On average, 102 neonates per daphnid were produced over 25 days in the controls, corresponding to 4.3 neonates per individual-day. Under the adult exposure regime, DBP had no significant effect on the number of neonates per individual-day (Wilcoxon tests; p > 0.05; Figure S4.B). However, the full life cycle exposure regime significantly reduced the number of neonates produced per individual-day, following a monotonous concentration-dependent relationship (Figure 5.B). Daphnids exposed to the three lowest concentrations (0.5, 1 and 10 µg/L) showed a similar number of neonates per individual-day compared to the control (log-rank test; p > 0.05). In contrast, those exposed to concentrations higher than 100 µg/L showed a significant reduction in neonate production per individual-day (log-rank test; p<0.05); by 45%, 53%, 62%, 72% and 85% under exposure to 100, 280, 500, 1000 and 2000 µg/L, respectively. Under the full life cycle exposure regime, for reproduction rate per individual-day, we assessed an EC5-25d of 0.35 [0.04 - 2.30] µg/L, an EC10-25d of 1.01 [0.16 - 5.04] µg/L, an EC20-25d of 3.14 [0.72 - 11.83] µg/L and an EC50-25d of 22.16 [8.49 - 53.35] µg/L (95% confidence intervals).

Impact of DBP on population dynamics

The results obtained through population modelling illustrated how combined effects on several individual endpoints may propagate to the population level.

As a population endpoint, the population growth rate (PGR) is shown in Figure 6.A for both exposure regimes. The value of the PGR in the control condition was 1.41 (IQR 1.4-1.42) per day, representing a population growth of 41% per day, and meaning that our control population had a very high growth potential. Results derived from the adult exposure regime data were similar to the control condition for all exposure concentrations, with PGR values between 1.39 and 1.41. Overlapping IQRs indicated that the PGR was not different between exposed and control conditions. Results derived from the full life cycle exposure regime data highlighted a progressive decrease in the PGR with increasing exposure concentrations. Population-level impacts were limited at the lowest tested concentrations. Exposure to 100 µg/L resulted in a reduction in the PGR of 12.4% compared to the control. The PGR was even lower for higher concentrations, such as 500 µg/L and 2000 µg/L, with reduction of 19.7% and 27.7%, respectively.

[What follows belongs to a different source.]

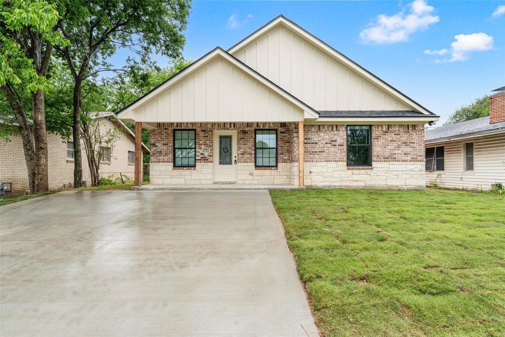 Welcome to this stunning brick and stone new construction in the heart of Waco! Perfectly located near grocery stores, restaurants, and schools, this home offers both convenience and modern comfort. From the moment you arrive, you’ll be greeted by a freshly paved driveway and a beautifully sodded front yard, along with a spacious covered patio that adds to the home’s inviting curb appeal. Step inside to discover an open-concept layout filled with natural light and enhanced by recessed lighting throughout. The living room serves as a cozy focal point, featuring a sleek electric fireplace and stylish vinyl flooring that flows seamlessly through the entire home. The kitchen is designed to impress, showcasing quartz countertops, brand-new appliances that will convey with the sale, a large island with bar seating, and a dedicated dining area highlighted by decorative lighting. The spacious primary suite offers a relaxing retreat, complete with a luxurious ensuite bathroom featuring dual vanity sinks, elegant touch-screen mirrors, and a marble shower tub combo. On the opposite side of the home, you’ll find two additional bedrooms and a well-appointed guest bathroom with quartz countertops, a marble shower tub combo, and another modern touch-screen mirror. Step outside to enjoy the covered back patio overlooking a fully fenced wooden backyard with fresh sod—perfect for relaxing or entertaining. This thoughtfully designed home blends style, comfort, and functionality—come make it yours!

We investigated how DBP exposure may affect the stable age distribution, which represents the long-term structure of the modelled population. The results were cut into three age classes (0 to 5 days old, 5 to 10 days old and 10 to 25 days old) (Figure 6.B, Figure S5) to represent the proportions of juveniles, young adults, and adults, respectively. In the control, the population was predominantly made up of juveniles (82%), with only 15% of young adults and 3% of adults. The population structures for each exposure condition under adult exposure regime were similar to those of the control condition, with very small changes in the stable age distribution (less than 1%) compared to the control values (Figure S5). Under the full life cycle exposure regime, as the concentration increased, the stable age distribution was progressively impacted, with an increase in the adult proportion and a decrease in the juvenile proportion (Figure 6.B). At low concentrations, the stable age distribution was similar to the control, with a predominant juvenile proportion (75%). However, as the exposure concentration increased, the proportion of adults also increased.

Figure 6 - (A) Population Growth Rate (PGR) of D. magna laboratory population for each DBP exposure concentration under both exposure regimes. The points represent the median PGR values, while the upper and lower bounds correspond to the 25th and 75th percentiles of the 1000 PGR values obtained through bootstrapping. (B) Stable age distribution of D. magna laboratory populations for each DBP concentration under full life cycle exposure. The stable age distribution is represented in three age classes (day 0 to 5, day 5 to 10 and day 10 to 25 days; faded colors).

Elasticity analysis of our model represented the relative sensitivity of the PGR to changes in life history traits (namely age-specific survival rates and fecundity rates). The results are shown in Figure S6 for both exposure regimes. For the modelled population in the control condition, the PGR was overall equally sensitive to survival and fecundity rates, with sums of elasticity coefficients at 0.504 and 0.496, respectively.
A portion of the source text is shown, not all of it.